> [Problem to solve]:
Repeat the entries that follow verbatim, without any of their pictures.

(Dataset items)

━━━━━━━━━━━━━━━━

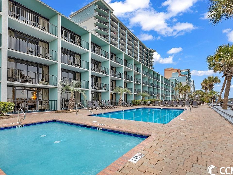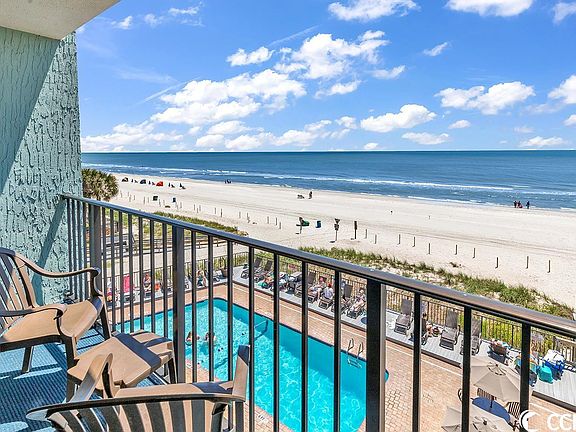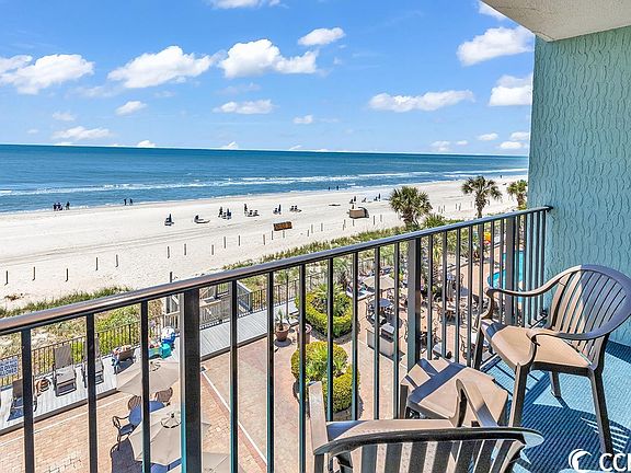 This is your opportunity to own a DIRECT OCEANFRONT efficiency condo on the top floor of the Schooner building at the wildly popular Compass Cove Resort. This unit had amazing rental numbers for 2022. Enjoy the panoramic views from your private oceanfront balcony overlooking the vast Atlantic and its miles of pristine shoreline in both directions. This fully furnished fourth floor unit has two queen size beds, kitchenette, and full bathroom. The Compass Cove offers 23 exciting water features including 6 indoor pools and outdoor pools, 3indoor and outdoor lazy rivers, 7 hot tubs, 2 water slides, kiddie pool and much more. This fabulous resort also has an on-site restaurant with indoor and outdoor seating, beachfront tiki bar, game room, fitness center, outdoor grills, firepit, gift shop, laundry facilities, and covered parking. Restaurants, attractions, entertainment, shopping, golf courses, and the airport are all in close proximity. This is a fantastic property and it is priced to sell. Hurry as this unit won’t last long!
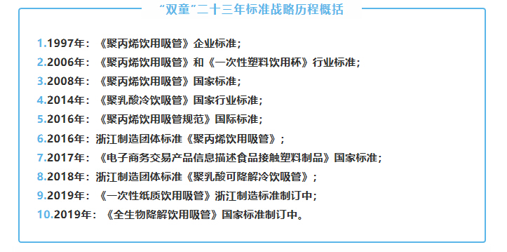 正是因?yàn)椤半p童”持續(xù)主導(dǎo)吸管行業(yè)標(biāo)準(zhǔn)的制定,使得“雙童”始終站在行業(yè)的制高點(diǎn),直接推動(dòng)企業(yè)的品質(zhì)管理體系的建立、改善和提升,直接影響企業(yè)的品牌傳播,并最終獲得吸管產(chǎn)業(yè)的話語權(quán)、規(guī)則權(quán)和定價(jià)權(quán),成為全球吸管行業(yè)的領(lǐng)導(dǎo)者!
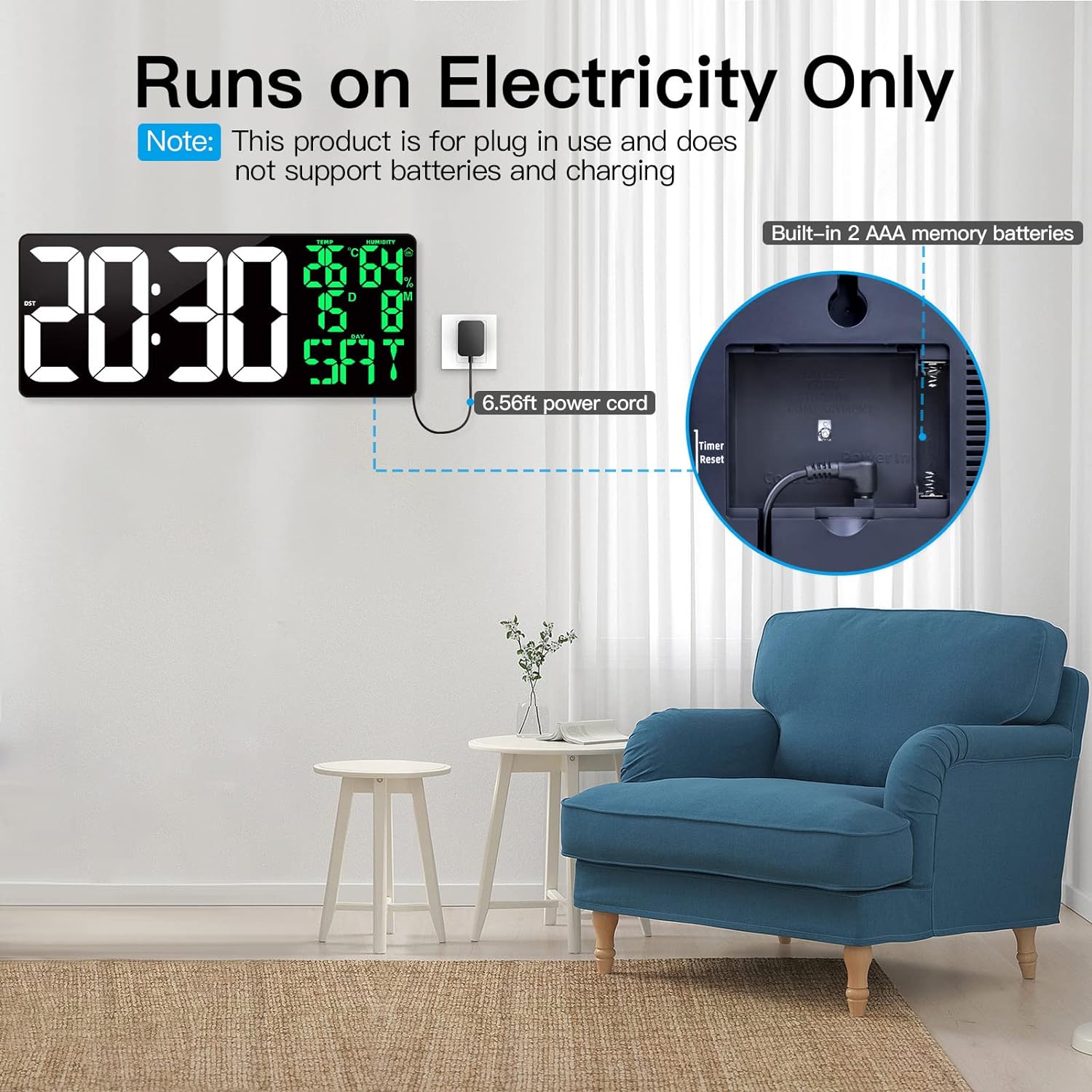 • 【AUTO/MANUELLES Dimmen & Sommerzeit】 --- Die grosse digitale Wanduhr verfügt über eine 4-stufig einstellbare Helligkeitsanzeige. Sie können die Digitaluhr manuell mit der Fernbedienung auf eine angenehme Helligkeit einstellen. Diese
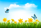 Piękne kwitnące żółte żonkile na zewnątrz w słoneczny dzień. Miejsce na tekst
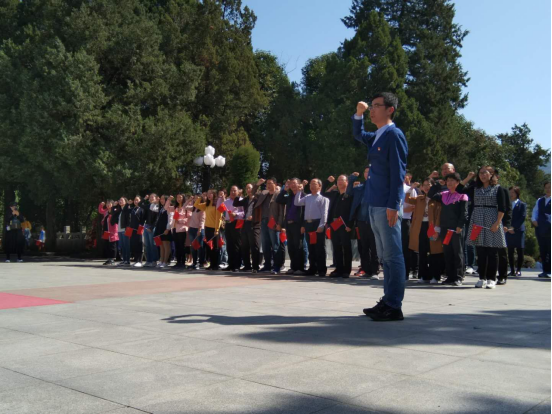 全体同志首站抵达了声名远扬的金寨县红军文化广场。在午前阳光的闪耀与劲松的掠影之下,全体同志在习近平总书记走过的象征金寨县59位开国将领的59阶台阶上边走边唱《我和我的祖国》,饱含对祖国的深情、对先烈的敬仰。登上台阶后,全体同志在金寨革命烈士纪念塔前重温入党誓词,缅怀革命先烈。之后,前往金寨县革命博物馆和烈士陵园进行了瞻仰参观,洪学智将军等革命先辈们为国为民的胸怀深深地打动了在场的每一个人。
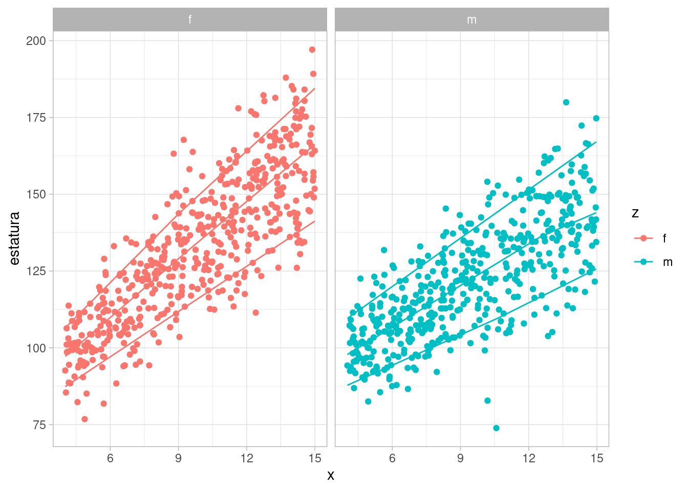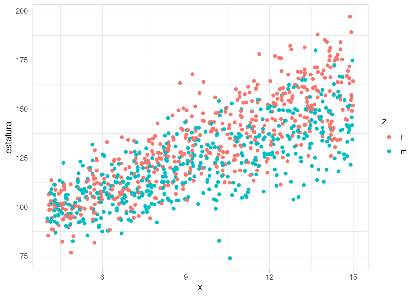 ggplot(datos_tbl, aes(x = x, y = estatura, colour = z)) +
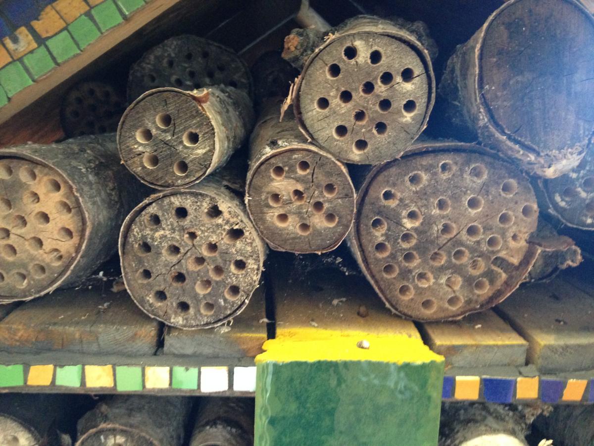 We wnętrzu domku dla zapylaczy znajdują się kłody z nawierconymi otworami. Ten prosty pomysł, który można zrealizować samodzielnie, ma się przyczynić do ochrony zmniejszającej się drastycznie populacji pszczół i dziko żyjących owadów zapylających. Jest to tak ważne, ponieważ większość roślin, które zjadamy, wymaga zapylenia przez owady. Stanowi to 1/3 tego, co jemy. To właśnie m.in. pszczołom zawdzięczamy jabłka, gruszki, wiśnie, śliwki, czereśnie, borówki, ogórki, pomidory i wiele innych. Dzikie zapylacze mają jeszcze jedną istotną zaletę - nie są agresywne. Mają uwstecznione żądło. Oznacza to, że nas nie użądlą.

━━━━━━━━━━━━━━━━

> [Response for this exercise]:
 This is your opportunity to own a DIRECT OCEANFRONT efficiency condo on the top floor of the Schooner building at the wildly popular Compass Cove Resort. This unit had amazing rental numbers for 2022. Enjoy the panoramic views from your private oceanfront balcony overlooking the vast Atlantic and its miles of pristine shoreline in both directions. This fully furnished fourth floor unit has two queen size beds, kitchenette, and full bathroom. The Compass Cove offers 23 exciting water features including 6 indoor pools and outdoor pools, 3indoor and outdoor lazy rivers, 7 hot tubs, 2 water slides, kiddie pool and much more. This fabulous resort also has an on-site restaurant with indoor and outdoor seating, beachfront tiki bar, game room, fitness center, outdoor grills, firepit, gift shop, laundry facilities, and covered parking. Restaurants, attractions, entertainment, shopping, golf courses, and the airport are all in close proximity. This is a fantastic property and it is priced to sell. Hurry as this unit won’t last long!
 正是因?yàn)椤半p童”持續(xù)主導(dǎo)吸管行業(yè)標(biāo)準(zhǔn)的制定,使得“雙童”始終站在行業(yè)的制高點(diǎn),直接推動(dòng)企業(yè)的品質(zhì)管理體系的建立、改善和提升,直接影響企業(yè)的品牌傳播,并最終獲得吸管產(chǎn)業(yè)的話語權(quán)、規(guī)則權(quán)和定價(jià)權(quán),成為全球吸管行業(yè)的領(lǐng)導(dǎo)者!
 • 【AUTO/MANUELLES Dimmen & Sommerzeit】 --- Die grosse digitale Wanduhr verfügt über eine 4-stufig einstellbare Helligkeitsanzeige. Sie können die Digitaluhr manuell mit der Fernbedienung auf eine angenehme Helligkeit einstellen. Diese
 Piękne kwitnące żółte żonkile na zewnątrz w słoneczny dzień. Miejsce na tekst
 全体同志首站抵达了声名远扬的金寨县红军文化广场。在午前阳光的闪耀与劲松的掠影之下,全体同志在习近平总书记走过的象征金寨县59位开国将领的59阶台阶上边走边唱《我和我的祖国》,饱含对祖国的深情、对先烈的敬仰。登上台阶后,全体同志在金寨革命烈士纪念塔前重温入党誓词,缅怀革命先烈。之后,前往金寨县革命博物馆和烈士陵园进行了瞻仰参观,洪学智将军等革命先辈们为国为民的胸怀深深地打动了在场的每一个人。
 ggplot(datos_tbl, aes(x = x, y = estatura, colour = z)) +
 We wnętrzu domku dla zapylaczy znajdują się kłody z nawierconymi otworami. Ten prosty pomysł, który można zrealizować samodzielnie, ma się przyczynić do ochrony zmniejszającej się drastycznie populacji pszczół i dziko żyjących owadów zapylających. Jest to tak ważne, ponieważ większość roślin, które zjadamy, wymaga zapylenia przez owady. Stanowi to 1/3 tego, co jemy. To właśnie m.in. pszczołom zawdzięczamy jabłka, gruszki, wiśnie, śliwki, czereśnie, borówki, ogórki, pomidory i wiele innych. Dzikie zapylacze mają jeszcze jedną istotną zaletę - nie są agresywne. Mają uwstecznione żądło. Oznacza to, że nas nie użądlą.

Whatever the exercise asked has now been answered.